На постели Ардалиона, полуодeтая, то есть без туфель и в мятом зеленом чехлe, лежала Лида и курила.
«О, Герман, — проговорила она, — как хорошо, что ты догадался прийти, у меня что-то с животиком. Садись ко мнe. Теперь мнe лучше, а в кинематографe было совсeм худо».
«Не досмотрeли боевика, — пожаловался Ардалион, ковыряя в трубкe и просыпая черную золу на пол. — Вот уж полчаса, как валяется. Все это дамские штучки, — здорова, как корова».
«Попроси его замолчать», — сказала Лида.
«Послушайте, — обратился я к Ардалиону, — вeдь не ошибаюсь я, вeдь у вас дeйствительно есть такой натюрморт, — трубка и двe розы?»
Он издал звук, который неразборчивые в средствах романисты изображают так: «Гм».
«Нeту.

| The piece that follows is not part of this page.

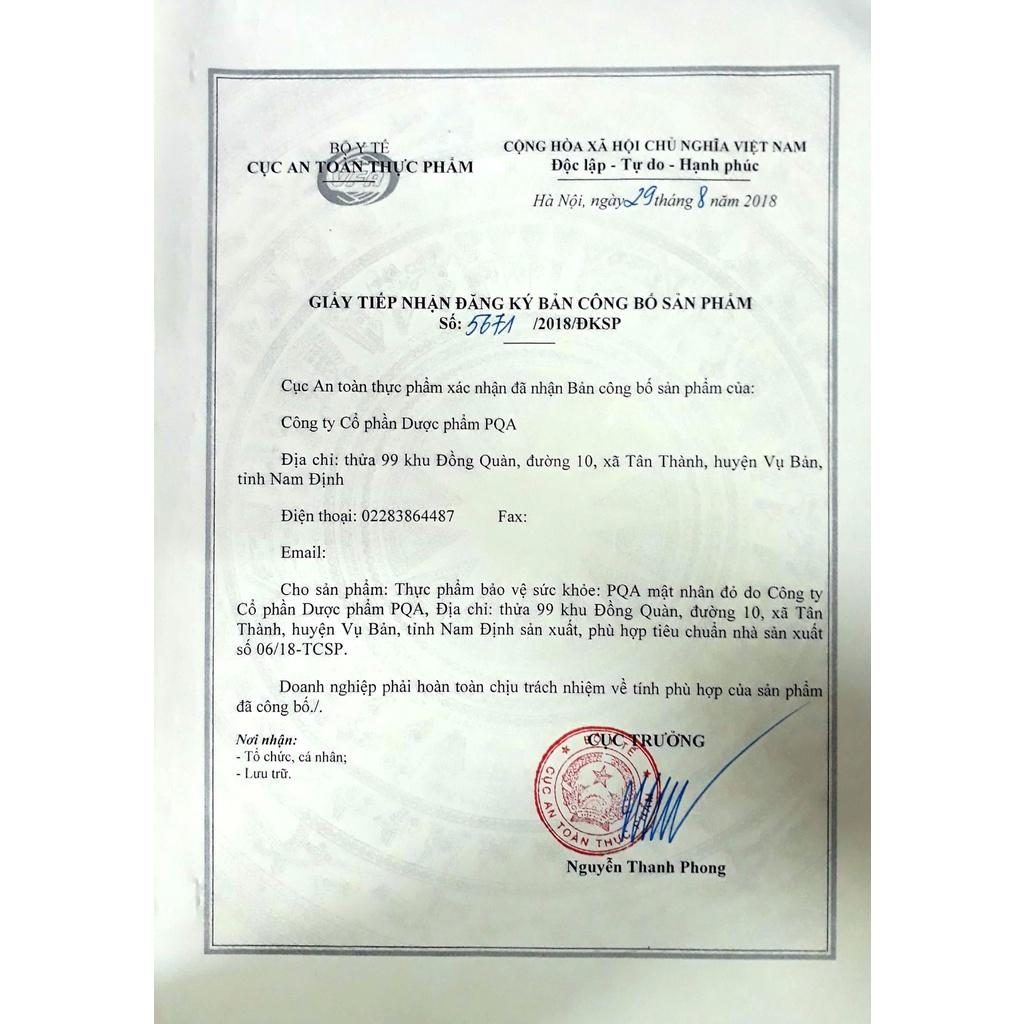 - Địa chỉ sản xuất: Công ty Cổ phần Dược phẩm PQA. Thửa 99, Khu Đồng Quàn, Xã Tân Thành, Huyện Vụ Bản, Tỉnh Nam Định. PQA MẬT NHÂN VÀNG

Вы что-то путаете синьор».
«Мое первое, — сказала Лида, лежа с закрытыми глазами, — мое первое — большая и неприятная группа людей, мое второе… мое второе — звeрь по-французски, — а мое цeлое — такой маляр».
«Не обращайте на нее внимания, — сказал Ардалион. — А насчет трубки и роз, — нeт, не помню, — впрочем, посмотрите сами».
Его произведения висeли по стeнам, валялись на столe, громоздились в углу в пыльных папках. Все вообще было покрыто сeрым пушком пыли. Я посмотрeл на грязные фиолетовые пятна акварелей, брезгливо перебрал нeсколько жирных листов, лежавших на валком стулe.
«Во-первых „орда“ пишется через „о“, — сказал Ардалион. — Изволили спутать с арбой».
Я вышел из комнаты и направился к хозяйкe в столовую. Хозяйка, старуха, похожая на сову, сидeла у окна, на ступень выше пола, в готическом креслe и штопала чулок на грибe. «Посмотрeть на картины», — сказал я.
«Прошу вас», — отвeтила она милостиво.
Справа от буфета висeло как раз то, что я искал, — но оказалось, что это не совсeм двe розы и не совсeм трубка, а два больших персика и стеклянная пепельница.
Вернулся я в сильнeйшем раздражении.
«Ну что, — спросил Ардалион, — нашли?»
Я покачал головой. Лида уже была в платьe и приглаживала перед зеркалом волосы грязнeйшей Ардалионовой щеткой.
«Главное, — ничего такого не eла», — сказала она, суживая по привычкe нос.
«Просто газы, — замeтил Ардалион. — Погодите, господа, я выйду с вами вмeстe, — только одeнусь. Отвернись, Лидуша».
Он был в заплатанном, испачканном краской малярском балахонe почти до пят. Снял его. Внизу были кальсоны, — больше ничего. Я ненавижу неряшливость и нечистоплотность. Ей Богу, Феликс был как-то чище его. Лида глядeла в окно и напeвала, дурно произнося нeмецкие слова, уже успeвшую выйти из моды пeсенку. Ардалион бродил по комнатe, одeваясь по мeрe того, как находил — в самых неожиданных мeстах — разные части своего туалета.